• **ASSIGNMENT**
Please transcribe the entries exactly and omit the images they contain.

• **SOURCE INFORMATION**
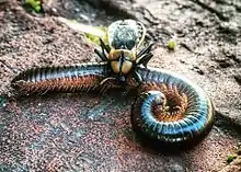 The Ectrichodiinae are a subfamily of assassin bugs (Reduviidae) known for specializing on millipedes as prey.[1] The group comprises more than 600 species in about 115 genera,[2] making it a fairly large subfamily. The bugs are also known for their aposematic coloration, often brightly colored metallic blue, red, or yellow.
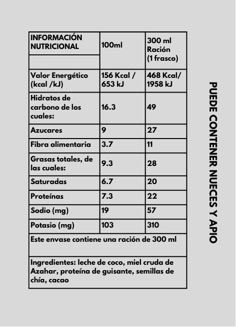 A rich, indulgent chia pudding made from coconut milk, chia seeds, raw cacao, orange blossom honey, and organic pea protein. Packed with fiber, antioxidants, plant-based protein, and healthy fats — all natural, cold-pressed, and free from additives.
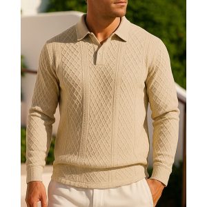 Men’s Jacquard Knit Shirt Casual Polo Shirts Jacquard Long Sleeve Top Athleisure Fall Solid Colored Fashion Outdoor Travel Sports Sportswear Activewear Black Blue Khaki #16012053
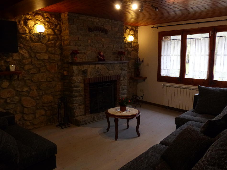 Dispone de una chimenea integrada en una pared levantada en piedra en una pequeña sala de estar. Aquí podrás relajarte escuchando el crepitar del fuego mientras miras por la ventana de esta casa de tres plantas que se encuentra en Bor (Lérida). Asimismo dispone de una terraza exterior acristalada y amueblada que será perfecta para poder divisar el paraje que rodea este alojamiento.
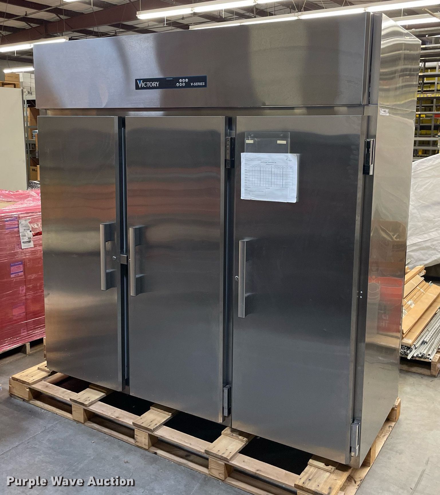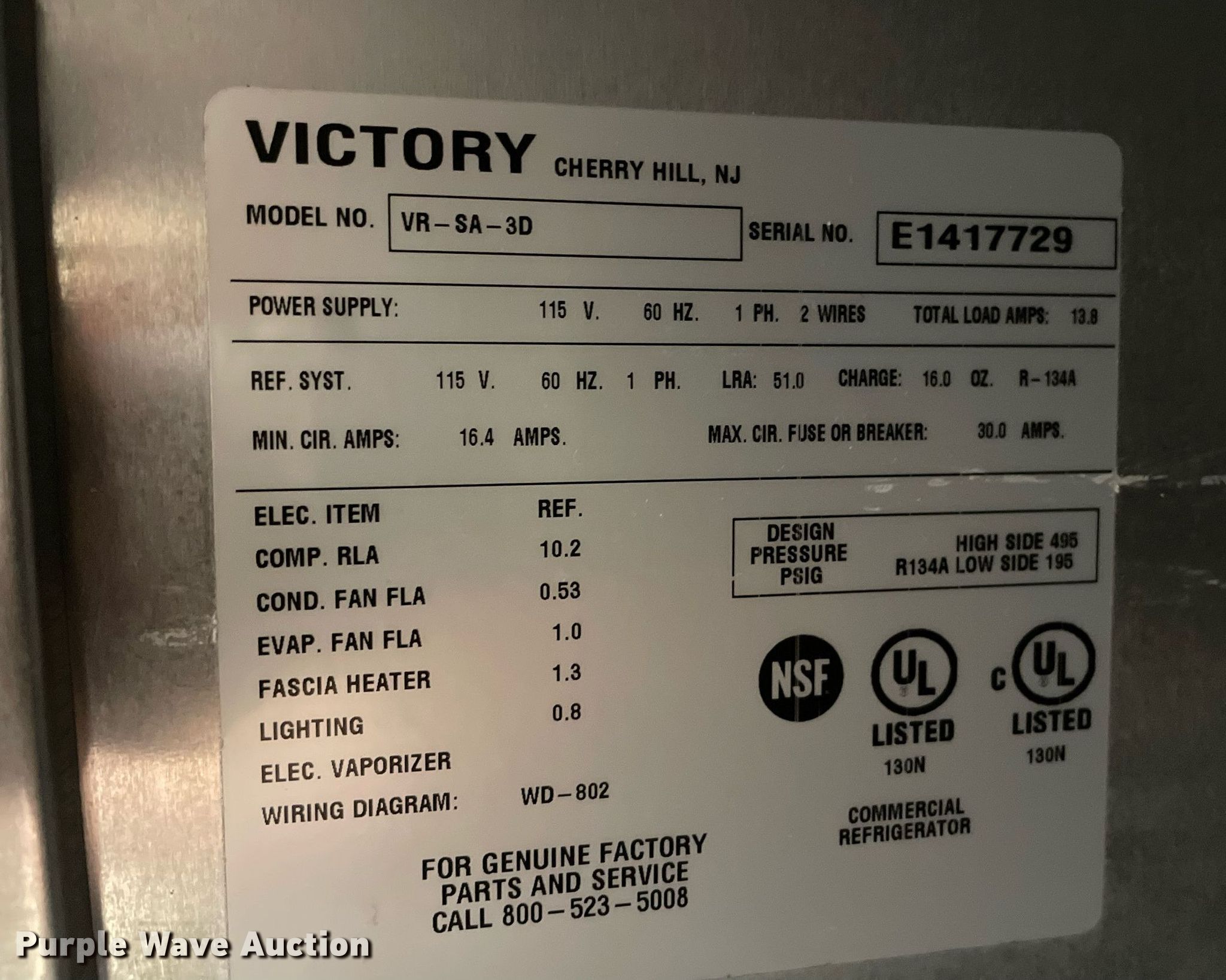 Purple Wave is selling a used Restaurant Equip. in Kansas. This item is a Victory VR-SA-3D refrigerator with the following: Serial: E1417729, Phase: Single, Volts: 115
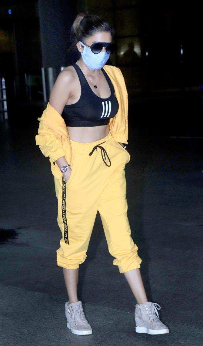 Tina Dattaa posed for the shutterbugs when snapped at the Mumbai airport. The actress was seen wearing a yellow coloured joggers suit during the outing.
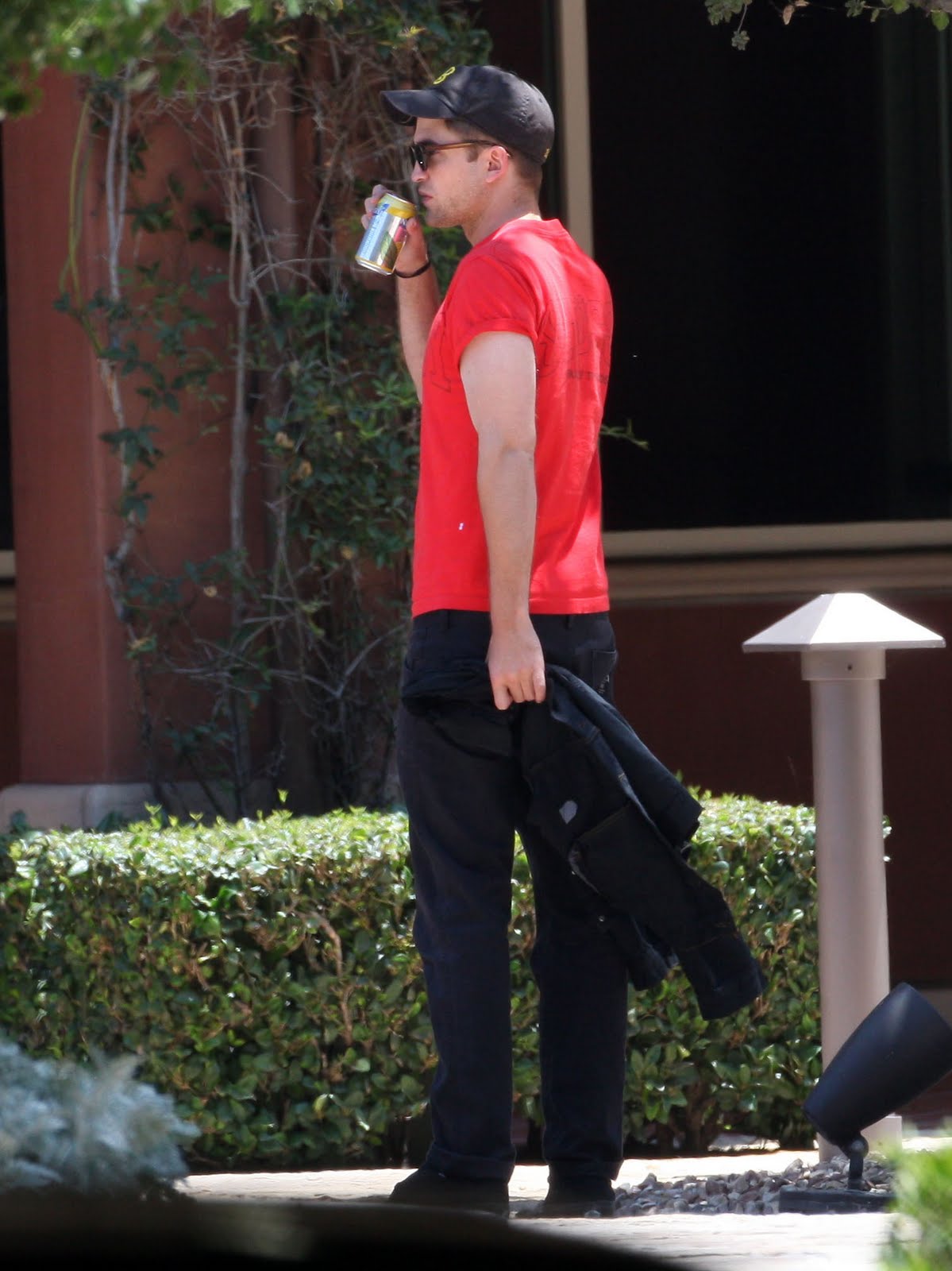 Deberia ser ilegal ese tipo de comportamiento tan provocativo por su parte... Pero es que en serio, miren el color de sus labios y la forma en como el labio inferior se moldea a la forma de la lata... mmmmmm... Me encanta la manera que la combinacion del pantalon negro y la franela roja hacen ver su piel mas blanca... y sus brazos, Oh Dios! Sus brazos!!.... Yo como que mejor me callo porque estoy sintiendo como que hace mas calor de repente.
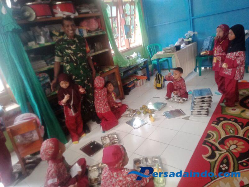 Ende, Dalam upaya mendukung program pemerintah terkait pemenuhan gizi anak-anak usia dini, Koramil 1602-01/Ende bersama TK RA Nurul Hidayah Masjid Raya menggelar kegiatan pembagian makan bergizi gratis, Rabu pagi tadi.

• **RESPONSE TO THIS EXERCISE**
 The Ectrichodiinae are a subfamily of assassin bugs (Reduviidae) known for specializing on millipedes as prey.[1] The group comprises more than 600 species in about 115 genera,[2] making it a fairly large subfamily. The bugs are also known for their aposematic coloration, often brightly colored metallic blue, red, or yellow.
 A rich, indulgent chia pudding made from coconut milk, chia seeds, raw cacao, orange blossom honey, and organic pea protein. Packed with fiber, antioxidants, plant-based protein, and healthy fats — all natural, cold-pressed, and free from additives.
 Men’s Jacquard Knit Shirt Casual Polo Shirts Jacquard Long Sleeve Top Athleisure Fall Solid Colored Fashion Outdoor Travel Sports Sportswear Activewear Black Blue Khaki #16012053
 Dispone de una chimenea integrada en una pared levantada en piedra en una pequeña sala de estar. Aquí podrás relajarte escuchando el crepitar del fuego mientras miras por la ventana de esta casa de tres plantas que se encuentra en Bor (Lérida). Asimismo dispone de una terraza exterior acristalada y amueblada que será perfecta para poder divisar el paraje que rodea este alojamiento.
 Purple Wave is selling a used Restaurant Equip. in Kansas. This item is a Victory VR-SA-3D refrigerator with the following: Serial: E1417729, Phase: Single, Volts: 115
 Tina Dattaa posed for the shutterbugs when snapped at the Mumbai airport. The actress was seen wearing a yellow coloured joggers suit during the outing.
 Deberia ser ilegal ese tipo de comportamiento tan provocativo por su parte... Pero es que en serio, miren el color de sus labios y la forma en como el labio inferior se moldea a la forma de la lata... mmmmmm... Me encanta la manera que la combinacion del pantalon negro y la franela roja hacen ver su piel mas blanca... y sus brazos, Oh Dios! Sus brazos!!.... Yo como que mejor me callo porque estoy sintiendo como que hace mas calor de repente.
 Ende, Dalam upaya mendukung program pemerintah terkait pemenuhan gizi anak-anak usia dini, Koramil 1602-01/Ende bersama TK RA Nurul Hidayah Masjid Raya menggelar kegiatan pembagian makan bergizi gratis, Rabu pagi tadi.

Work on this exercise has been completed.